Could you retype exactly the lines below between the one holding "Effects of HER2" and the one holding "These unique and", inclusive, leaving out any pictures?

**PROVIDED RECORDS**
******************************
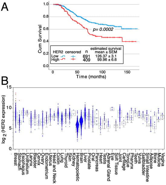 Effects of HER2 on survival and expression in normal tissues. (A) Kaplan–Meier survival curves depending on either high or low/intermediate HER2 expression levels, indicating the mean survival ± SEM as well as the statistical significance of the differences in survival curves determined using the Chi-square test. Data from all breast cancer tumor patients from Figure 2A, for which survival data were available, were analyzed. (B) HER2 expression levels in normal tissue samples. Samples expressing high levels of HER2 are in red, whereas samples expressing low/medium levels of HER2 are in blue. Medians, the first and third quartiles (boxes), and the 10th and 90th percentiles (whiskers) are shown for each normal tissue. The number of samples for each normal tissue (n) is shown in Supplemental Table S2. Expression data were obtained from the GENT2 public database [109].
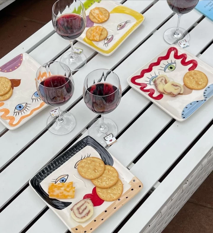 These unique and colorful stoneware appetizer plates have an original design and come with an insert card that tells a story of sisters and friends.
******************************
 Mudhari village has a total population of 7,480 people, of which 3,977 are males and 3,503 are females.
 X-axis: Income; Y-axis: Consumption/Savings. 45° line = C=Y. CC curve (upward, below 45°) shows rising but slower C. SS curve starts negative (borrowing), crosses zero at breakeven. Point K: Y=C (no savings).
******************************
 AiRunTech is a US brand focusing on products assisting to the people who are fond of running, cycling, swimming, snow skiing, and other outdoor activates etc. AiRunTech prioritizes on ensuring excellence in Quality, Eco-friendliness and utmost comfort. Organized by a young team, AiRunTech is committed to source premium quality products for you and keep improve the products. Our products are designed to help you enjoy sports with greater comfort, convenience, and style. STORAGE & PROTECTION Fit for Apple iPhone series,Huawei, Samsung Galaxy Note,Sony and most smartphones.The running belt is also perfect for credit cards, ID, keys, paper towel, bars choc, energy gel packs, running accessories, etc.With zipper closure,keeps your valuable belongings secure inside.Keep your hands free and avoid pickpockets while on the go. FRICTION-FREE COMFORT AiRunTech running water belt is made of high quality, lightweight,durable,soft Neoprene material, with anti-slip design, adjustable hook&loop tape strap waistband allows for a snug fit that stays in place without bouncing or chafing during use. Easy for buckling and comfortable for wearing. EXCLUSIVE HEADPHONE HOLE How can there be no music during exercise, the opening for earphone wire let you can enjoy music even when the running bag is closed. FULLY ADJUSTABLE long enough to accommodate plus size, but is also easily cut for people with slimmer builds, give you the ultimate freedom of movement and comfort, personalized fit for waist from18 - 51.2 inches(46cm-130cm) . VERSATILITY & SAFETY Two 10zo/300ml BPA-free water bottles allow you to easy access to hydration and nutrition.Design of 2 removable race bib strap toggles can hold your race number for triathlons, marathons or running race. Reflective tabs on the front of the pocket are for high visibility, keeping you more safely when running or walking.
******************************
**RESULT**
 Effects of HER2 on survival and expression in normal tissues. (A) Kaplan–Meier survival curves depending on either high or low/intermediate HER2 expression levels, indicating the mean survival ± SEM as well as the statistical significance of the differences in survival curves determined using the Chi-square test. Data from all breast cancer tumor patients from Figure 2A, for which survival data were available, were analyzed. (B) HER2 expression levels in normal tissue samples. Samples expressing high levels of HER2 are in red, whereas samples expressing low/medium levels of HER2 are in blue. Medians, the first and third quartiles (boxes), and the 10th and 90th percentiles (whiskers) are shown for each normal tissue. The number of samples for each normal tissue (n) is shown in Supplemental Table S2. Expression data were obtained from the GENT2 public database [109].
 These unique and colorful stoneware appetizer plates have an original design and come with an insert card that tells a story of sisters and friends.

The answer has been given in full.